The film points out that, by 2020, one fifth of U.S. healthcare spending will be due to conditions caused by obesity (a problem that’s getting significantly worse).
Who are the many villains in this film? They include:
- Public Relations firms
- “Big Pharma” (the film points out the U.S. and New Zealand are the only two countries that allow TV ads for drugs)
- Food companies
- Dept of Agriculture subsidies on food
- Military medicine, war, pain pills
- Medicare and Medicaid price slashing
There’s lots of blame to go around, I guess. Who is responsible for the system? Who is acting in bad faith to profit from the system?

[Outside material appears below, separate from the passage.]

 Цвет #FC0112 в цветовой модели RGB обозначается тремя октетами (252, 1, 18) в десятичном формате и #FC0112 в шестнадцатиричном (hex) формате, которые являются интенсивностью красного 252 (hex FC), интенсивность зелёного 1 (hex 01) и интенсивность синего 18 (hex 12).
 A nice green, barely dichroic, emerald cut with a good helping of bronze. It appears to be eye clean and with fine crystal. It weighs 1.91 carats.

Dr. Steven Nissen, from Cleveland Clinic, is quoted a lot in the movie. He says, “When HC became a business we lost our moral compass.” A former insurance industry spokesman says, “you almost forget you’re providing health insurance… it’s all about profits.” How is this that people lose track of their organization’s mission or compass? This is the same problem that befell GM when the finance people running the company thought the primary purpose of the company was to make money (rather than the purpose being the design and production of great cars… therefore leading to money).

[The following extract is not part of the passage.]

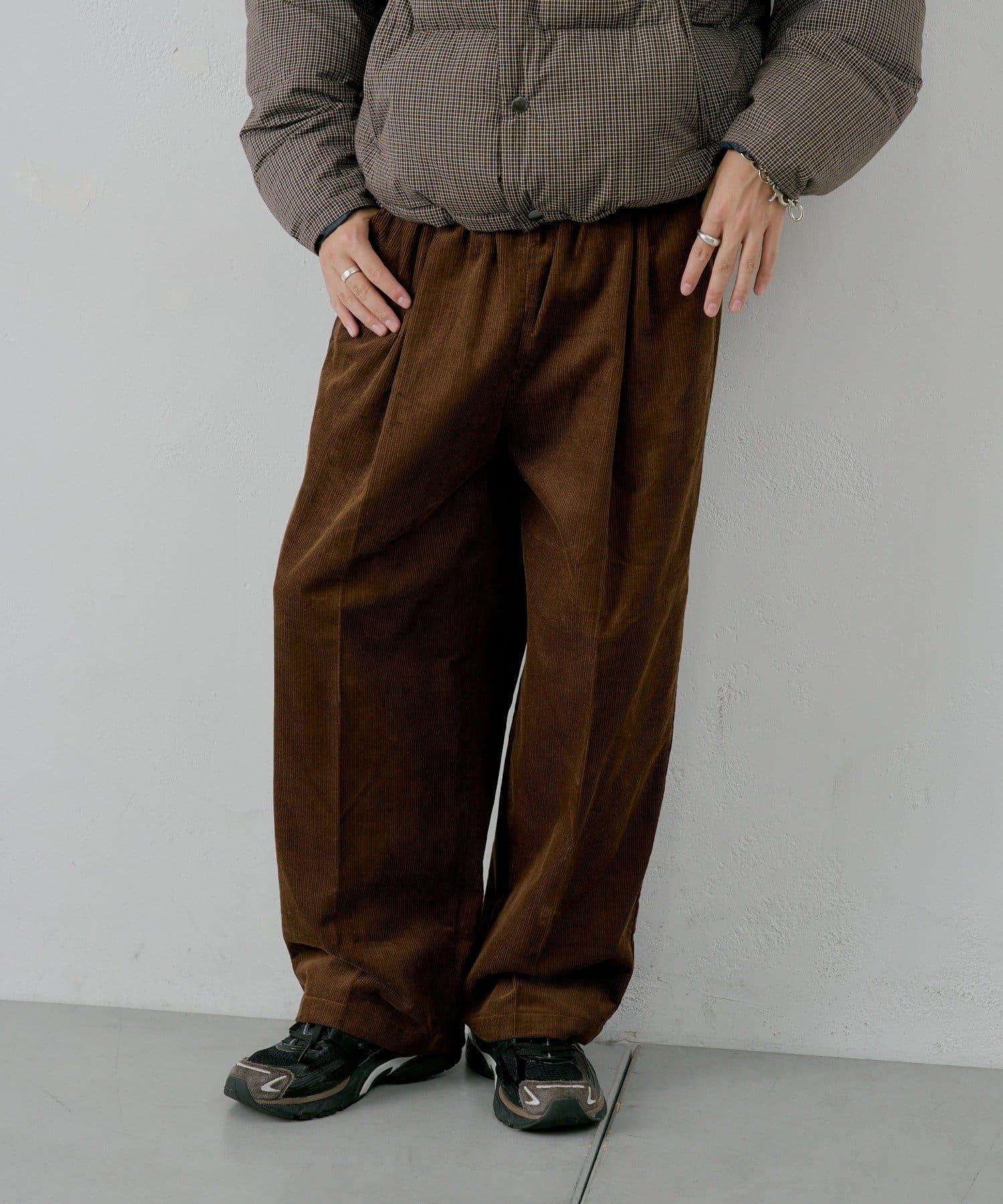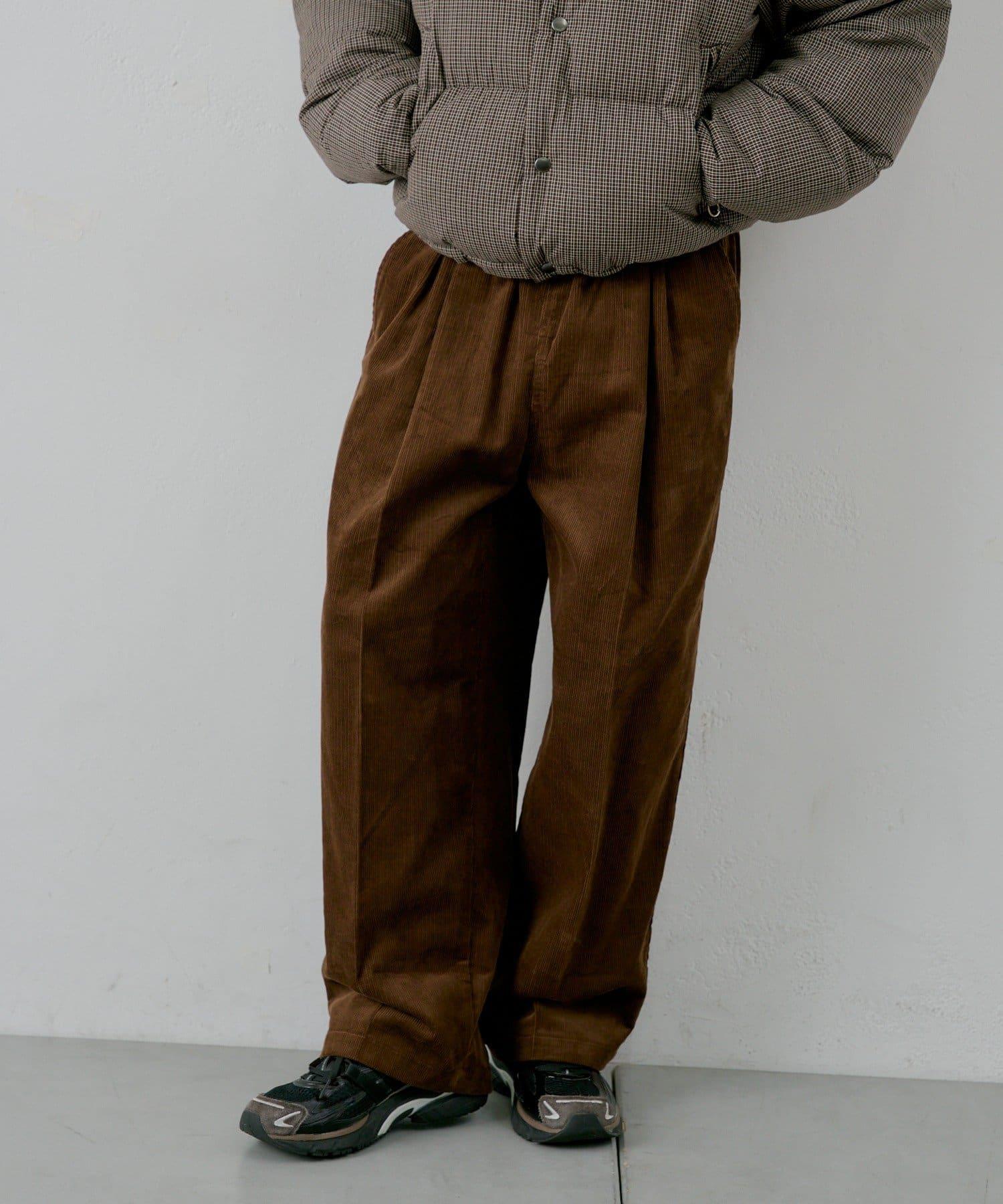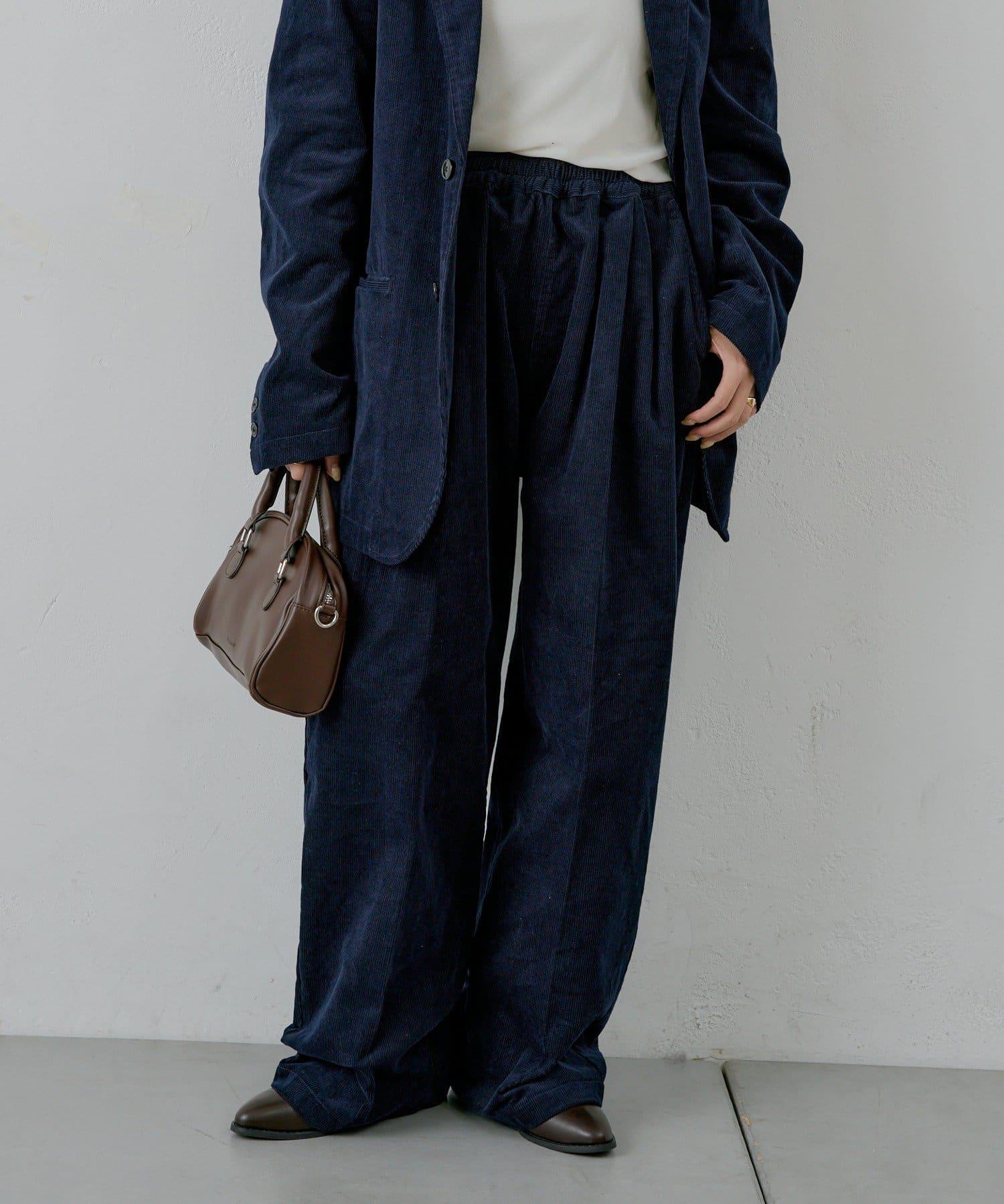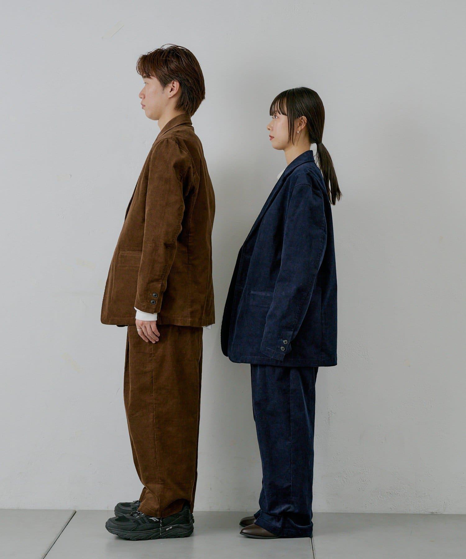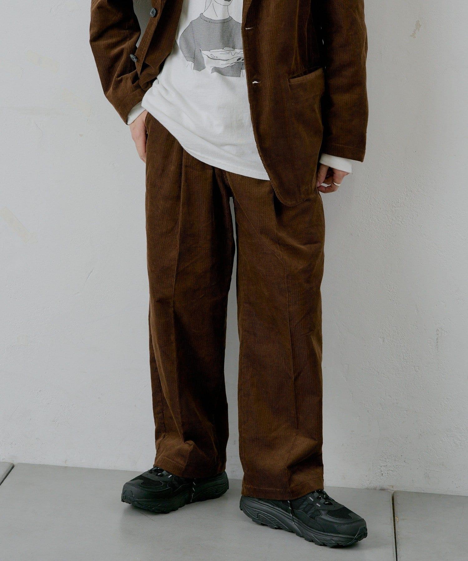 中性寬燈芯絨長褲,顏色深沉,質地柔軟。

One example given is the pharmaceutical maker GlaxoSmithKline. When the drug Avandia was in development, the company didn’t disclose data from trials that showed heart attacks increased by one third. A $3 billion settlement agreement was reached in July 2012 after many patients are harmed. Where is the moral compass of people who hide such data in the name of profits?
What are some of the proposed solutions or “escape fires”?

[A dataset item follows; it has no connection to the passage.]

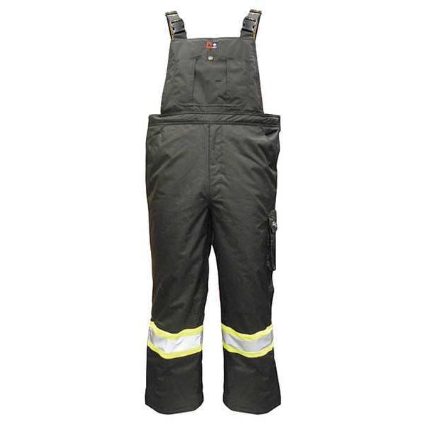 Flame-Resistant Insulated Bib Pants, Insulated for Cold Conditions Yes, Material Polyester, Fabric Weight 300 den, Number of Outside Pockets 4, Includes Suspenders Yes, Color Black, Maximum Waist Size 39 in, Inseam 32 1/2 in, Size XL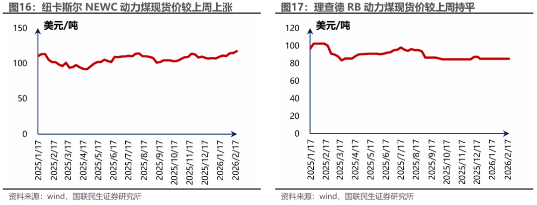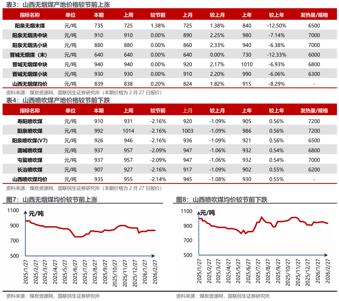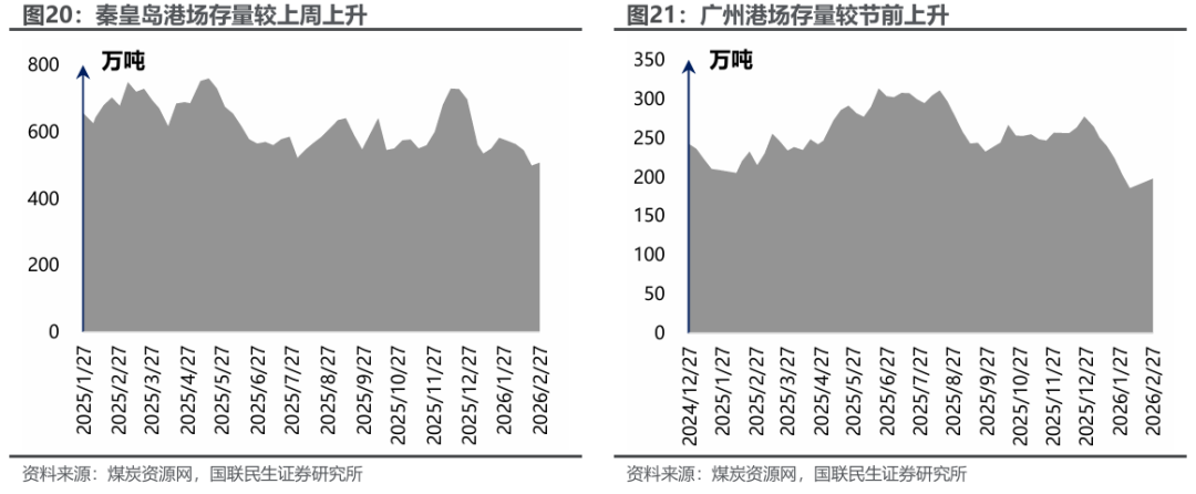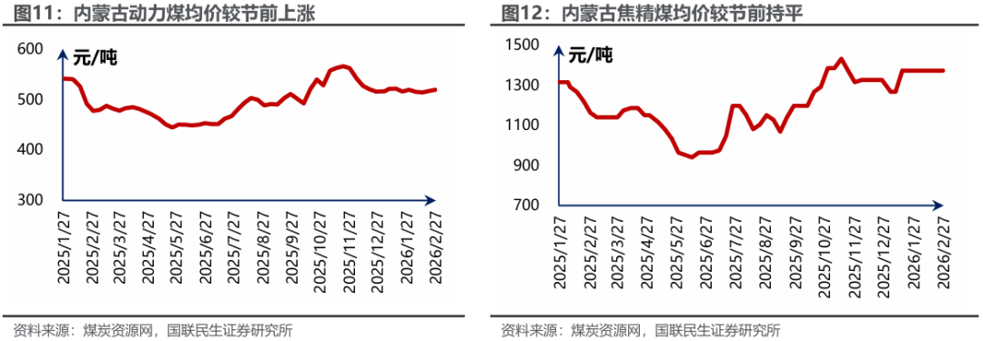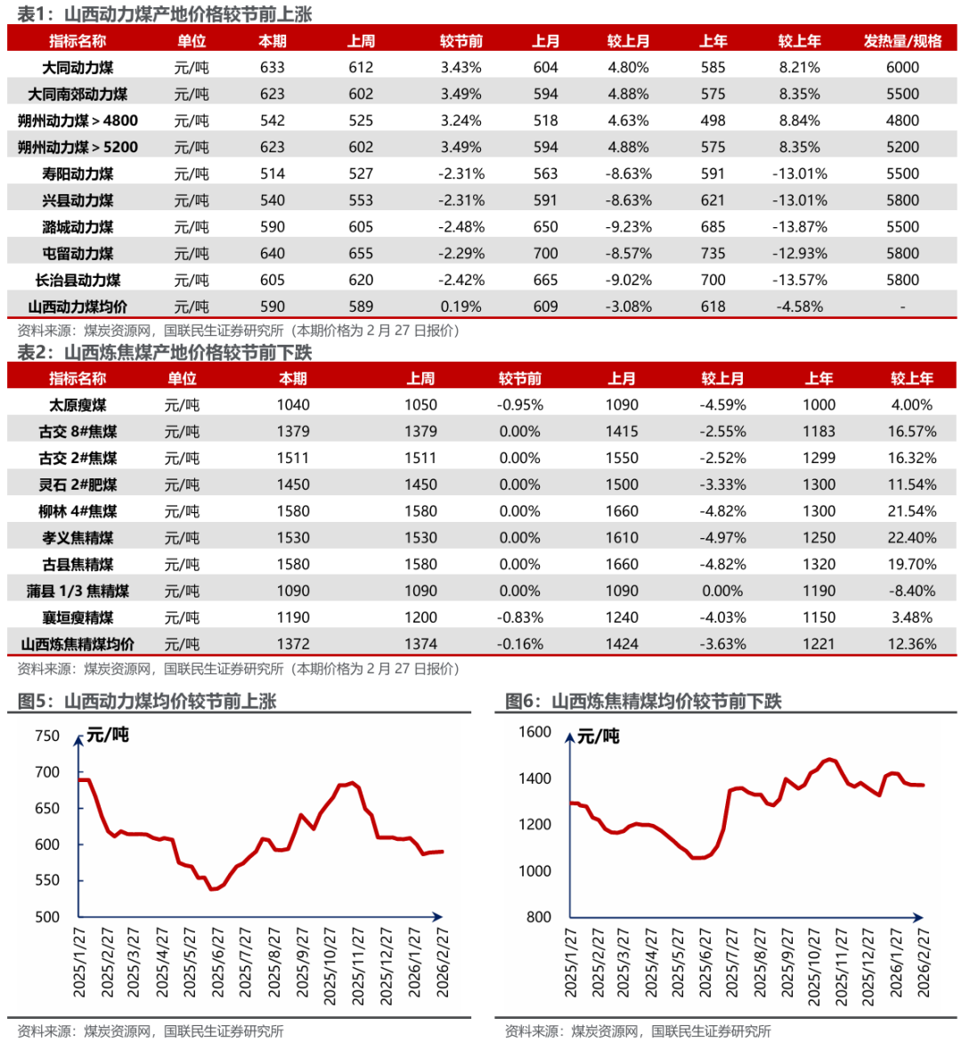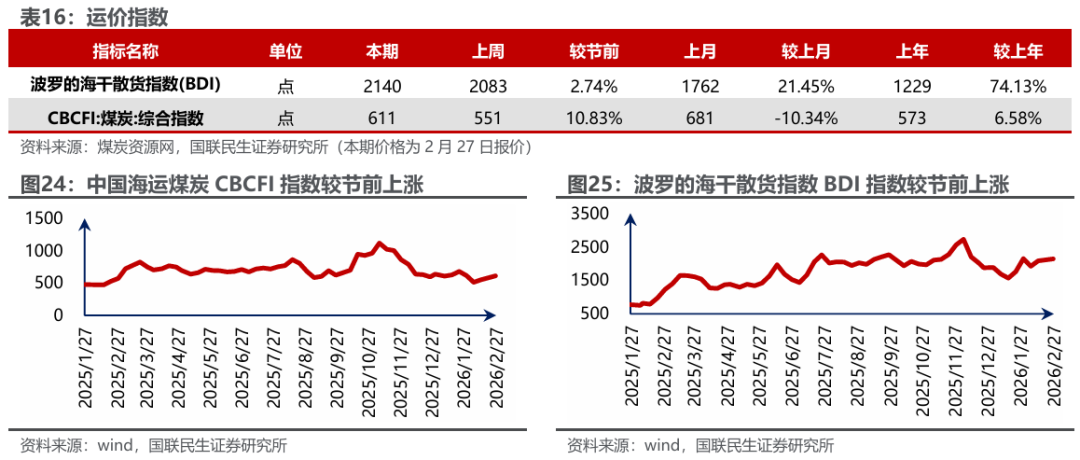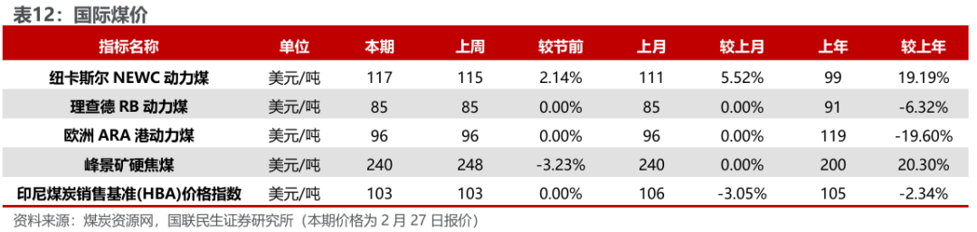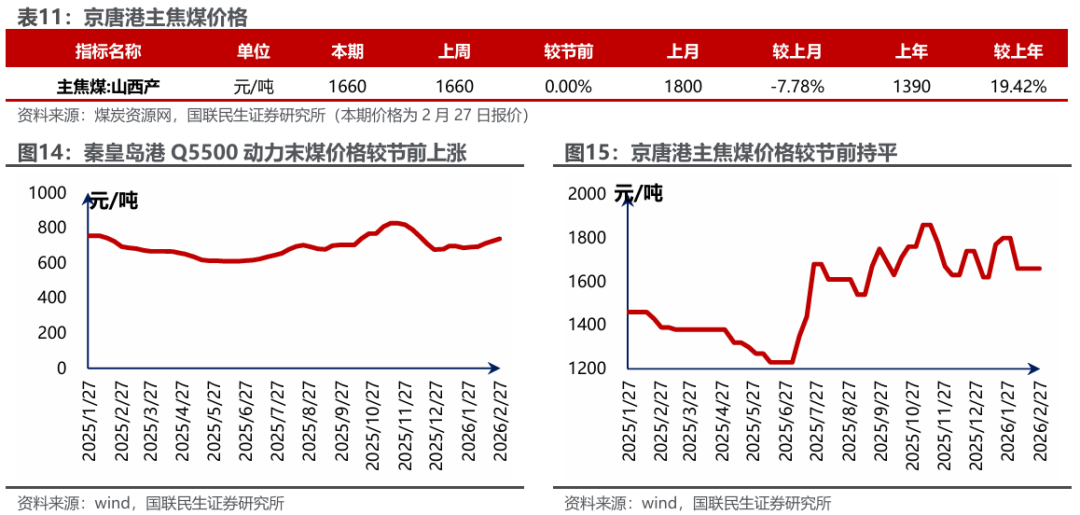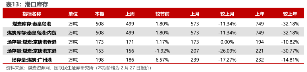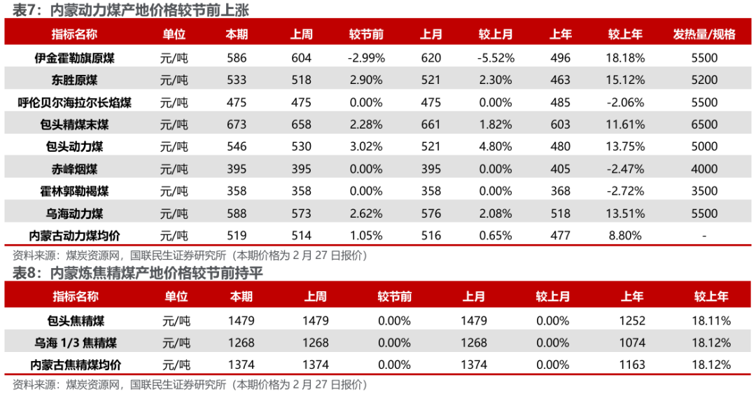 港口及产地煤价上涨。煤炭资源网数据显示,截至2月27日,秦皇岛港Q5500动力煤市场价报收于739元/吨,较节前上涨27元/吨。产地方面,据煤炭资源网数据,山西大同地区Q5500报收于593元/吨,较节前上涨21元/吨;陕西榆林地区Q5800指数报收于601元/吨,较节前上涨3元/吨;内蒙古鄂尔多斯Q5500报收于538元/吨,较节前上涨15元/吨。

- More/better primary care, which might include longer appointments, as opposed to focused on patients per hour productivity for doctors.
- Change the payment system so it’s not so activity and piecework based
- The movie shows how acupuncture is more effective than drugs for military pain cases (and not addictive like narcotics).
- The movie points out we can’t get acupuncture at a hospital (it’s not that it doesn’t work, just that they currently don’t get paid for that)
- Lifestyle changes for heart disease (featuring Dr. Dean Ornish‘s work that shows artery blockages can be reversed through inexpensive life style changes)
These alternative care efforts include yoga, acupuncture, meditation, and diet (Dr. Ornish and others are working to get CMS to cover alternative medicine, hoping that private insurance will follow).
Safeway, the grocery store chain, was held up as an example of a company that is encouraging and rewarding better employee health. For them, 70% of healthcare costs resulted from lifestyle choice and their costs were rising 10% per year. With their new initiatives, their costs are now flat.
The movie ends on an optimistic note: “We can change our healthcare system but not until we change the conversation.”
I’ll give the movie a B+ for showing the problem, losing marks for being so unfocused and cramming so many problems into one film. I’ll give the movie a B- for talking about solutions. What they showed was interesting, but I wish they had talked more about approaches like the IHI’s Triple Aim measures (the issue of patient safety was really glossed over, if it was even mentioned) or actually talking about Lean and other systems thinking approaches (like aviation safety CRM practices) are helping.
Have you seen the film? If so, what did you think?